__Prompt__
Could you output each line below precisely as it stands, without the images?

__Material provided__
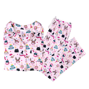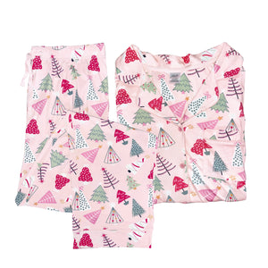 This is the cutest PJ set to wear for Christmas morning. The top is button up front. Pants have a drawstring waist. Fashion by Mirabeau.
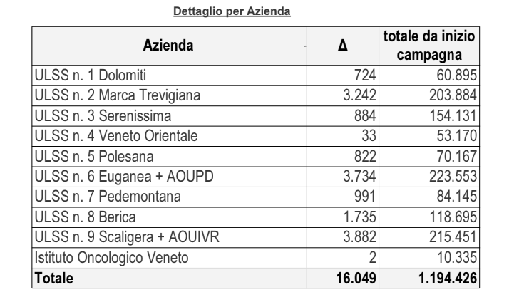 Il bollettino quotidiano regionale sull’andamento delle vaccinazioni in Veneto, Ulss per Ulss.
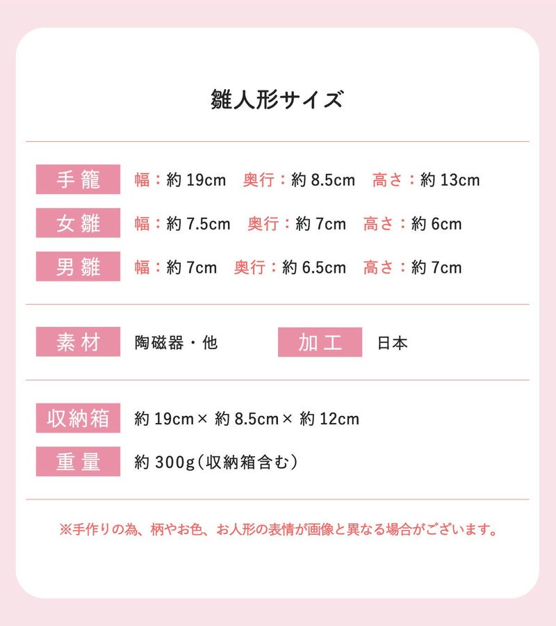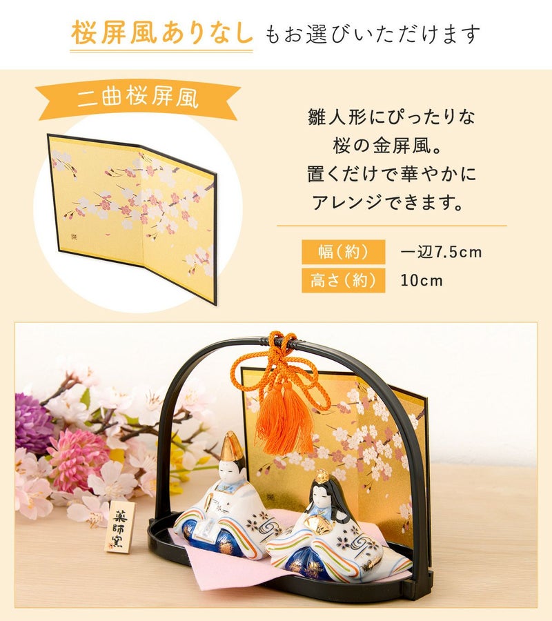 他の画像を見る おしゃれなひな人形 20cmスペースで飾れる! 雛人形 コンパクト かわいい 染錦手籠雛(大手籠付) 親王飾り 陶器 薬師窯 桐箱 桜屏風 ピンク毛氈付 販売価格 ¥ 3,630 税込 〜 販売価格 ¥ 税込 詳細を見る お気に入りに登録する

__Task answer__
 This is the cutest PJ set to wear for Christmas morning. The top is button up front. Pants have a drawstring waist. Fashion by Mirabeau.
 Il bollettino quotidiano regionale sull’andamento delle vaccinazioni in Veneto, Ulss per Ulss.
 他の画像を見る おしゃれなひな人形 20cmスペースで飾れる! 雛人形 コンパクト かわいい 染錦手籠雛(大手籠付) 親王飾り 陶器 薬師窯 桐箱 桜屏風 ピンク毛氈付 販売価格 ¥ 3,630 税込 〜 販売価格 ¥ 税込 詳細を見る お気に入りに登録する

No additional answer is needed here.